355 500 произведений, 25 200 авторов.

Электронная библиотека книг » Глеб Ястребов » Кем был Иисус из Назарета? » Текст книги (страница 12)
Кем был Иисус из Назарета?
  • Текст добавлен: 9 октября 2016, 16:57

Текст книги "Кем был Иисус из Назарета?"


Автор книги: Глеб Ястребов



сообщить о нарушении

Текущая страница: 12 (всего у книги 24 страниц)

Глава 7. Этика и закон

Мы выяснили, что центром проповеди Иисуса был призыв к покаянию в преддверии скорого апокалиптического Царства. Тогда возникает следующий вопрос: какого именно изменения жизни требовал Иисус от людей? К каким нормам призывал? Какую роль в этом призыве играли традиционные этические ориентиры Израиля: Закон и Пророки? В какой мере Иисус опирался на традиционные учения, а в какой был проповедником нового?

1. Тора: основа

На первый взгляд можно поискать ответ и в самом начале Нагорной проповеди:

Не думайте, что я пришёл нарушить Закон или Пророков: не нарушить пришёл я, но исполнить. Ибо истинно говорю вам: доколе не прейдёт небо и земля, ни одна иота или ни одна черта не прейдёт из Закона, – пока не исполнится всё. Итак, кто нарушит одну из заповедей сих малейших и научит так людей, тот малейшим наречётся в Царстве Небесном; а кто сотворит и научит, тот великим наречётся в Царстве Небесном. Ибо, говорю вам, если праведность ваша не превзойдёт праведности книжников и фарисеев, то вы не войдёте в Царство Небесное.

Мф 5:17–20

На протяжении столетий христианские толкователи пытались уйти от прямого смысла этого отрывка. В самом деле: согласно традиционному церковному учению, Тора не обязательна для соблюдения не только неевреями, но и даже евреями (взгляд, восходящий к апостолу Павлу); Закон отменён или как минимум основательно умалён; иудаизм как религия устаревшая и ущербная отныне уступил дорогу христианству. Вместе с тем достаточно очевидно, что в Новом Завете есть тексты, говорящие совершенно иначе, и Мф 5:17–20 – один из них. Согласно Мф 5:17–20, Тора будет сохранять своё значение до тех пор, пока существует наша планета («доколе не прейдёт небо и земля»), – соответственно, декларируется и вечное достоинство иудейской религии. Более того, ни одна заповедь в ней не теряет значение (даже «заповеди малейшие»).

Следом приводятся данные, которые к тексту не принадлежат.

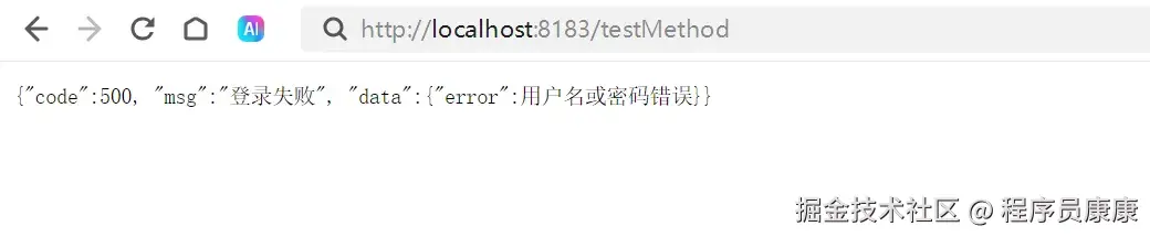 String data = "{\"code\":403, \"msg\":\"没有权限\", \"data\":{\"error\":"+accessDeniedException.getMessage()+"}}";
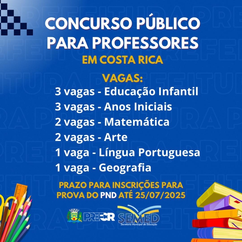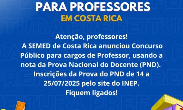 A Secretaria Municipal de Educação (SEMED) de Costa Rica anunciou que realizará um Concurso Público para cargos de Professor, utilizando a nota da Prova Nacional do Docente (PND) como parte da avaliação. As inscrições para a PND estarão abertas de 14 a 25 de julho de 2025, e devem ser feitas pelo site do INEP: https://pnd.inep.gov.br/pnd/. Todos que desejam participar do concurso devem se inscrever e realizar a PND, pois a nota será utilizada na seleção dos candidatos. Locais mais próximos para fazer as provas: Coxim, Três Lagoas e Campo Grande, além de Mineiros/GO.

Как известно, под «иотой» и «чертой» имеются в виду конкретные буквы еврейского алфавита: «иота» – это буква «йод» (напоминает апостроф, запятую в верху строки), а «черта» – это буква «вав» (похожа на вертикальную чёрточку). Метафорический смысл такой: в Торе всё находится на месте, даже самые маленькие буквы. А если этого мало, Мф 5:17–20 содержит ещё и инвективы против тех, кто учит чему-либо иному: такие люди нарекутся в Царстве Небесном «малейшими», да и вообще рискуют в него не войти. Соответственно, возникает вопрос: не сделало ли традиционное христианство грандиозную ошибку, превратно поняв учение своего основателя по одному из ключевых вопросов? В современном богословии и межрелигиозном диалоге по этому поводу разгорелись нешуточные споры, которые, впрочем, убеждают всё большее и большее число их участников в глубокой укоренённости Иисусова учения в иудаизме, а значит, и необходимости переоценки иудаизма в христианском богословии.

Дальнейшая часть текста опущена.